Доннелли немедленно поглядел на холодильник.
— Он слишком долго просидел под слишком громким звуком, Чет! Проклятый таймер!
Они оба подумали, что же они увидят, когда откроется люк.
Наконец Гарретт чувствует, что он слишком далеко зашел, что слишком высокую цену должен взять с себя самого.
Он выдерживает, ибо он должен. Он парит над краем тысячелетнего людского пути. Он — первый. И он должен выдержать эту перемену с открытыми глазами.
Звук ничего больше не оставляет в мире Гарретта.

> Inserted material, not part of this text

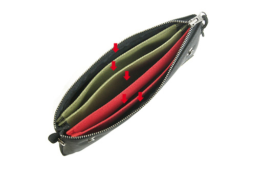 しかしこの「仕分けファスナーポーチ用仕分けポケット/仕切り」各種を使えば、カードや紙類、通帳、紙幣、さらにコインなどを、しっかり整理&分類しつつ収納できます。シークレットポケット機能なんかもあったりして。ちなみにカラーはオリーブとレッドが用意されています。

И наконец он успевает сказать, пока еще не поздно: "Я люблю тебя".
Это приходится кричать, но все равно не поздно.
У него взрываются барабанные перепонки.
Камбро пил кофе в комнате отдыха. Плечи его повисли, локти уперлись в колени, как у кающегося грешника.
— А про самозащищенный предохранитель слыхал? — спросил Доннелли. Который защищает сам себя, пережигая всю стереосистему? — Реакции не последовало. — Я видел, что холодильник открыт. Когда оттуда забрали нашего парня?
— Утром. Я был за пультом, когда наконец пришел приказ.
— Слушай, у тебя руки дрожат!
— Чет, я, честное слово, готов зареветь. Я видел, как этот парень вылезал из холодильника. Ничего подобного в жизни не видел.
Доннелли сел рядом с Камбро.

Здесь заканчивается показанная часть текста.